I never saw it coming. None of us did. You were never supposed to die.
Like, ever. I remember being a child and my Grandfather putting on that
song, 'An Apple For The Teacher' on your old record player and telling
me that you and him had written and recorded it, whilst he mimed along
with the salt pot, making me believe this crazy tale. Thinking that you
were responsible for the 'do wops' and him the tale of an infatuated
teacher. I remember the egg box monster/caterpillar hybrid that lived
under the fridge. I remember the brilliant chips that you cooked me,
starting off my love affair with fatty food. I remember the backs of
corn-flakes packets that you saved for me so that I could make castles
and the like out of them. I guess I'm just a twenty-year-old boy
looking back on a pretty magical childhood and a particularly close
bond with my grandmother, but it feels so fresh and so pure. A memory
which is mine and mine only. No-one can get at the part of my brain
where I keep that memory. It's mine forever.
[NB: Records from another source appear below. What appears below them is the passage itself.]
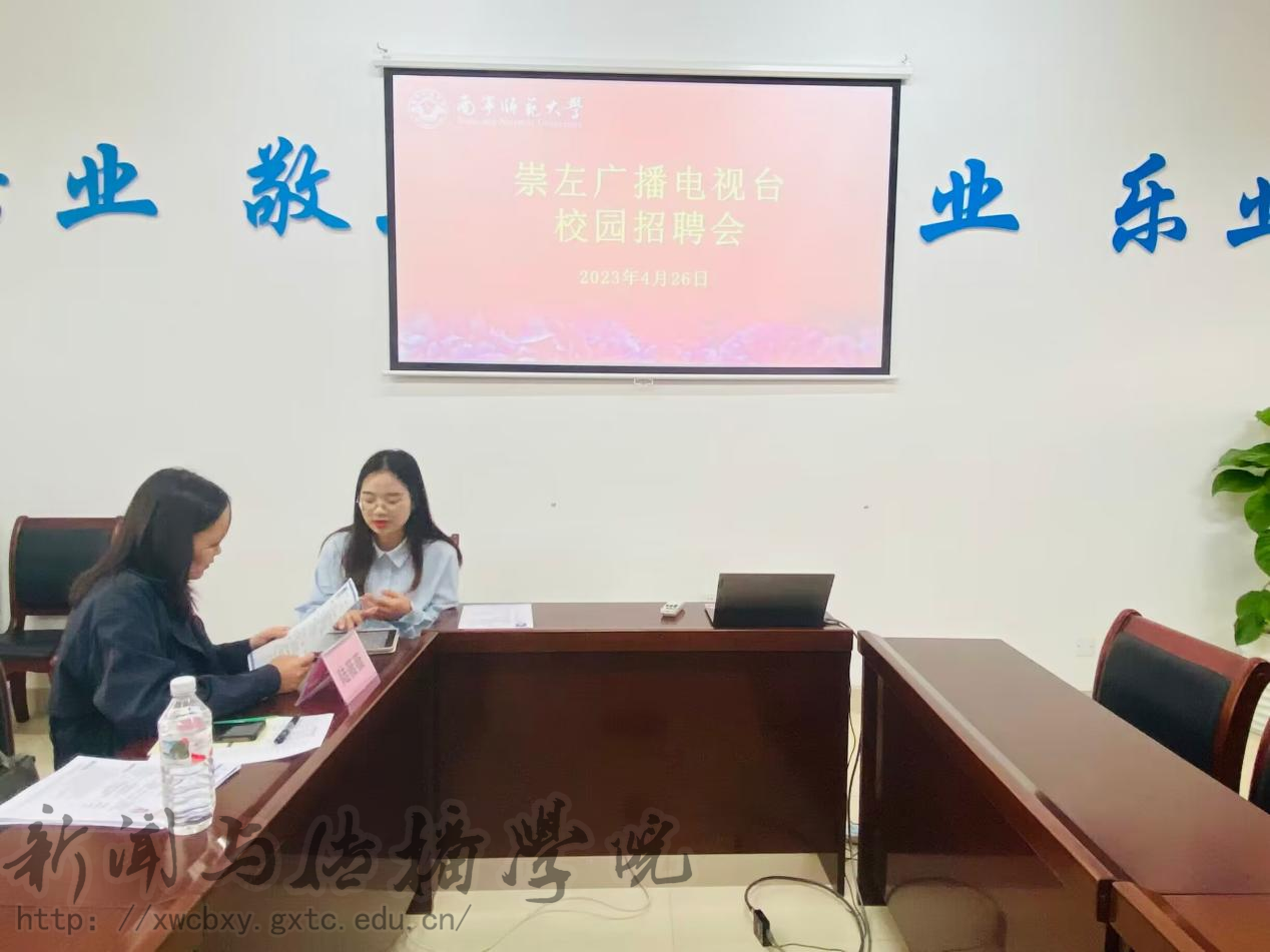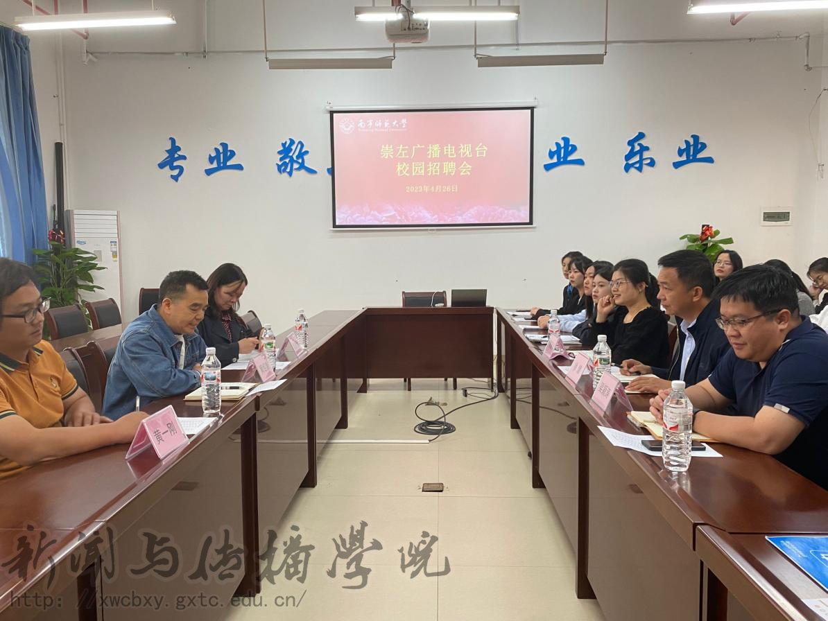 4月26日上午,崇左广播电视台校园招聘会暨2023届毕业生就业双向洽谈会在我校五合校区理综楼304举行。崇左市广播电视台台长助理、新闻中心主任黄绍康,融媒体中心主任陆薇薇,融媒体中心副主任黄一刚一行三人来必赢3003no1线路检测中心洽谈毕业生就业工作,学院党委副书记、院长徐健,副院长梁颖涛,辅导员陈丽珍以及部分学生代表参加此次就业洽谈会。
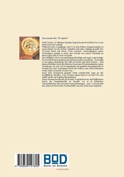 Man nannte ihn: "El Capitán"Mark Tanner, 37-jähriger Kapitän, liegt mit seinem Schiff in Vera Cruz und wartet auf Ladung.Während eines Landgangs wird er in den frühen Morgenstunden in einem Hotel von der Polizei verhaftet und unter Anklage gestellt: Der Vorwurf lautet auf Mord. Trotz enormer Anstrengungen seines Verteidigers gelingt es nicht, das Gericht von seiner Unschuld zu überzeugen und er wird verurteilt.Im Gefängnis wird er monatelang gedemütigt und sogar vergewaltigt. Die Zustände dort sind grausam und menschenverachtend - Essen gibt es nur gegen Bezahlung, die Zelle ist feucht und ohne Fenster - und dann widerfährt Mark das Glück in Form einer Wiederaufnahme seines Verfahrens, da sich zwei Drogendealer des größten Drogenkartells in Mexiko bei einer Festnahme durch die Polizei zum Mord bekennen wofür Mark verurteilt worden war.Nach dem Freispruch genießt Mark wundervolle Tage an der Pazifikküste Mexikos. Vier Wochen später kann er in den USA sein Schiff wieder als Kapitän übernehmen.Dieser Roman beschreibt die brutale Vorgehensweise und Infiltration durch die Drogenkartelle in Mexiko, sei es in Behörden, wirtschaftlichen oder privaten Unternehmungen - und - er beschreibt das Leben an Bord eines Frachtschiffes aus der Sicht eines Kapitäns.
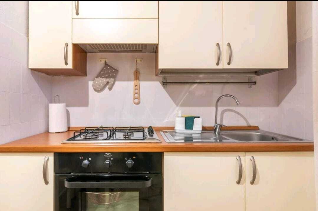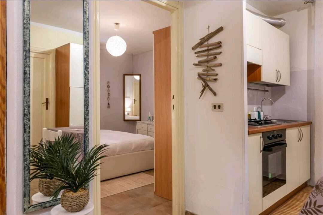 Gli interni accolgono in un luminoso soggiorno con angolo cottura a vista, finestrato e dotato di climatizzatore, perfetto per momenti di relax.
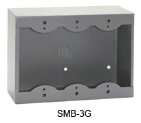 The SMB-1, 2, 3 and 4 surface mount boxes hold one, two, three or four Decora style products, including RDL remote controls and connector plates. Knockouts are provided for fastening standard metric or North American conduits to the rear of the box and to either the upper or lower surface, depending on the orientation of the box when it is mounted. The sides and top or bottom of the box maintain a smooth surface for a finished appearance superior to that of a standard electrical box. Model numbers with a suffix "W" are white; with a suffix "G" are gray to complement RDL stainless steel remote controls and plates. All SMB boxes are constructed from welded steel with a high quality powder coated finish.
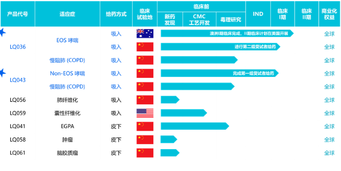 30116金沙js9(中国)生物的研发管线中,还包括治疗肺纤维化的LQ056和治疗囊性纤维化的LQ059,同样采用吸入给药。
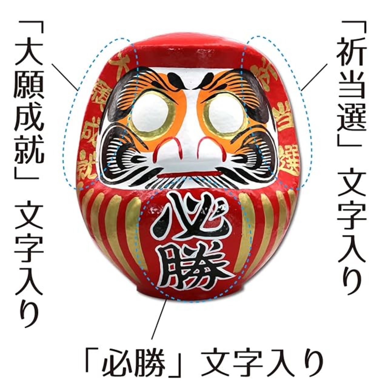 本体には黒で「必勝」、脇には金で「祈当選」「大願成就」の文字入り。
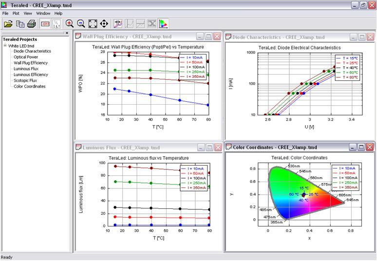 通過明導的 TERALED/T3Ster 測試硬件,也可以從測量中導出參數,如總光通量、總輻射通量、X、Y 和 Z 三色值,同時還可以完成一份頻譜分析。通過一種單一的綜合測量方法,可能會測出二極管特性、光功率、輻射效率、光通量、發光效率、暗視覺通量和色坐標對電流和溫度的依賴性,并將其顯示為 LED 的驅動電流、接面溫度或冷板溫度的一個函數(見圖5)。
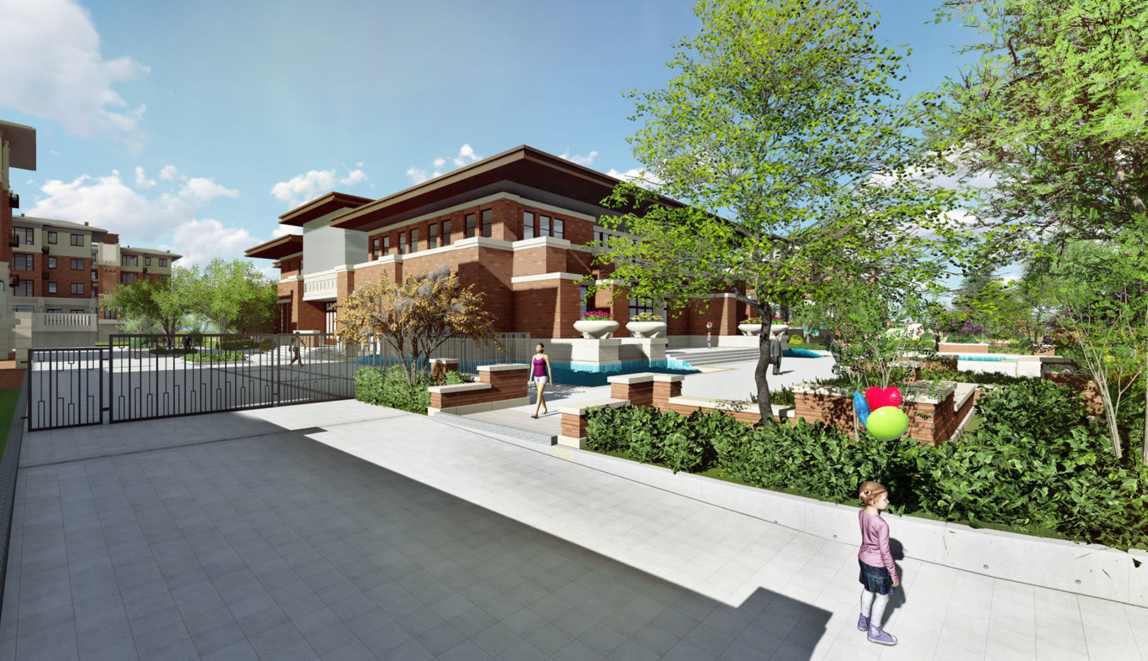 歸化傳統(tǒng)的學(xué)院文化,通過景觀空間的意境、景觀小品、標(biāo)識系統(tǒng),鋪裝綠化等多種形式,回歸最本真和淳樸的生活。
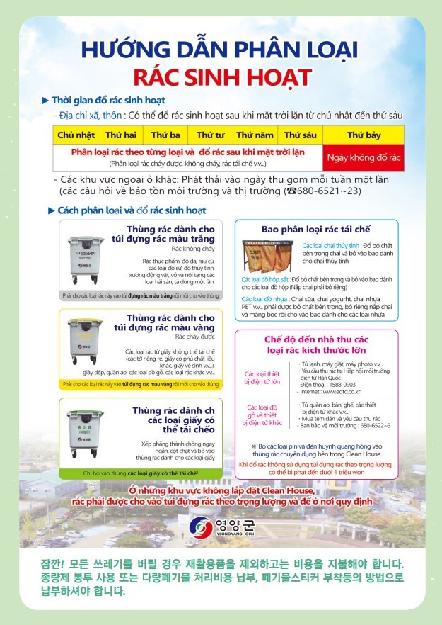 또 베트남어로 설명된 배출방법도 함께 수록해 다문화가정의 영양군 정착에 도움을 주고 있다.
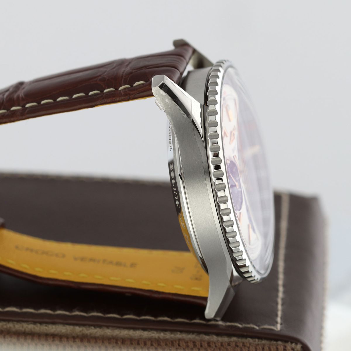 Case: Brushed & polished stainless steel case. Bi-directional rotating bezel with slide-rule. The circular slide-rule allows pilots to perform necessary flight calculations. Silvery off-white dial. Black sub-dials & dial flange. Features the AOPA wings gold logo in polished rose at 12 o'clock. Polished rose gold hands, the hour & minute hands with luminous fill. Applied polished rose gold polished index hour markers with luminous tips. Fine printed minutes/seconds & fractions of a second track. Small seconds sub-dial at 9 o'clock. Date window at 6 o'clock.
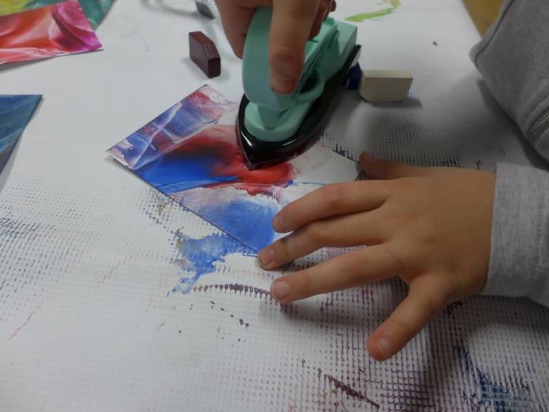 Spotkanie było także świetną okazją do eksperymentów z enkaustyką, czyli techniką malarską polegającą na malowaniu farbami woskowymi i żelazkiem. Dzięki warsztatom powstały przepiękne, kolorowe i radosne obrazy.
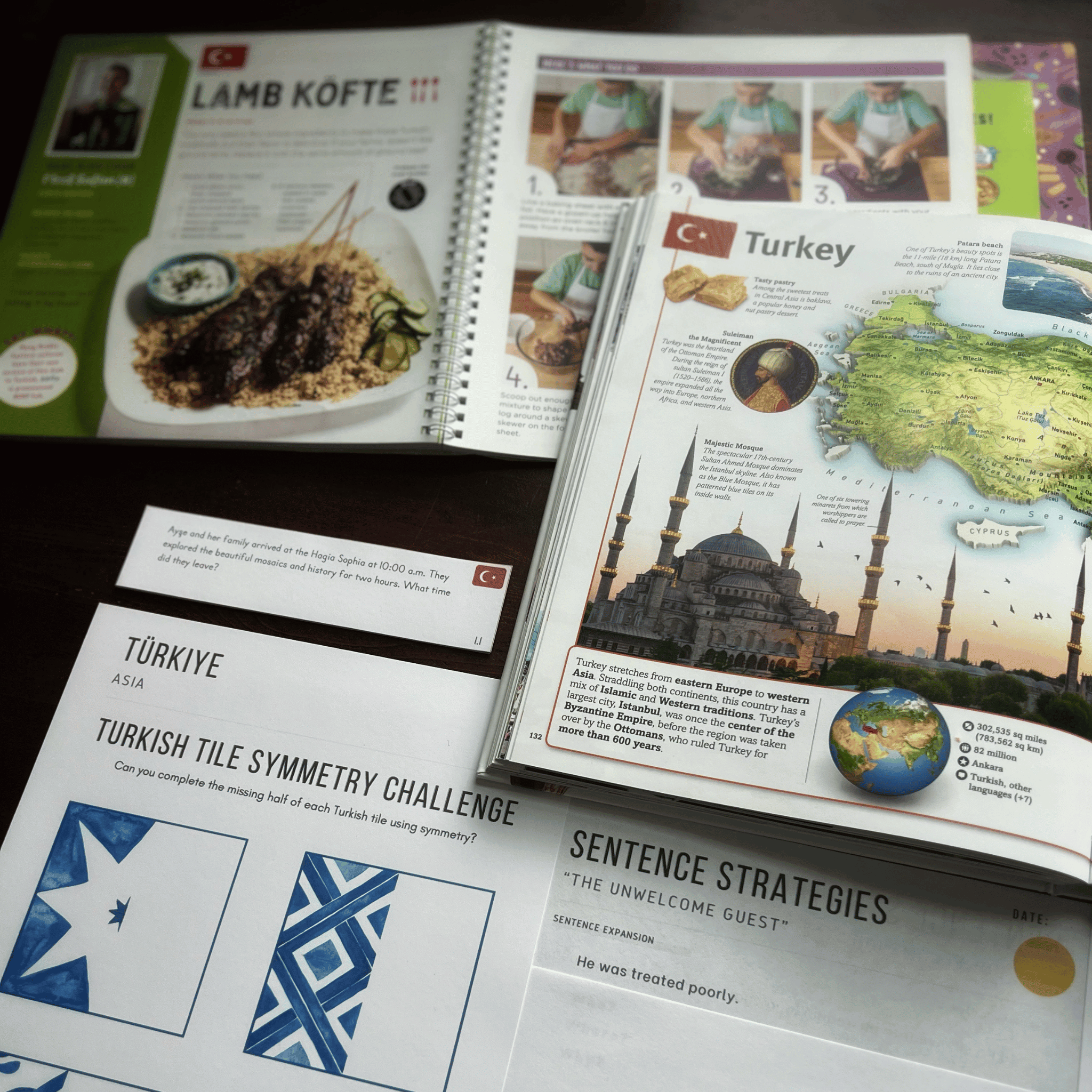 Explore the culture, geography, and traditions of Turkey with our hands-on, secular country unit study. Meet Nasreddine, a beloved figure from Turkish folklore, paint colorful Turkish tile designs, experiment with Ebru paper marbling, and learn how to make traditional recipes like apple tea and lamb köfte. You’ll also learn about tectonic plates, explore Islamic geometric patterns, and work through guided writing activities that explore Turkish stories and traditions.

I sometimes wonder about what happens when a person goes senile. What
happens to the memories that they can't obtain anymore? Where do they
go and how come the doors that lead to those memories are suddenly
blocked off? Its like, and you knew that I didn't believe in heaven or
any of that crap, what happens when you die? Where do you go? Not your
wrinkled old body and your wire wool hair, but YOU. The entity that I
loved so dearly. You can't just disappear into nothing. It defies
logic. I'd like to see you one more time, even if it's only in my
dreams. I'd like to just see you smile when I've done something good,
just one more time.
I couldn't understand who I was the morning after you were gone. I
couldn't understand why I couldn't allow the boy in me out of the
cumbersome teenager that stopped me from embracing the pain and hurt
that I really was feeling. I don't understand why, in the darkest
regions of my heart, I still feel the need to run away from my life and
find the quietest place I can find and just wail, whenever I think of
you. I wanted to write this for you Grandma, just because sometimes I
worry that I don't think of you enough. I wanted you to know why I try
not to think of you. But that I love you, and I miss you.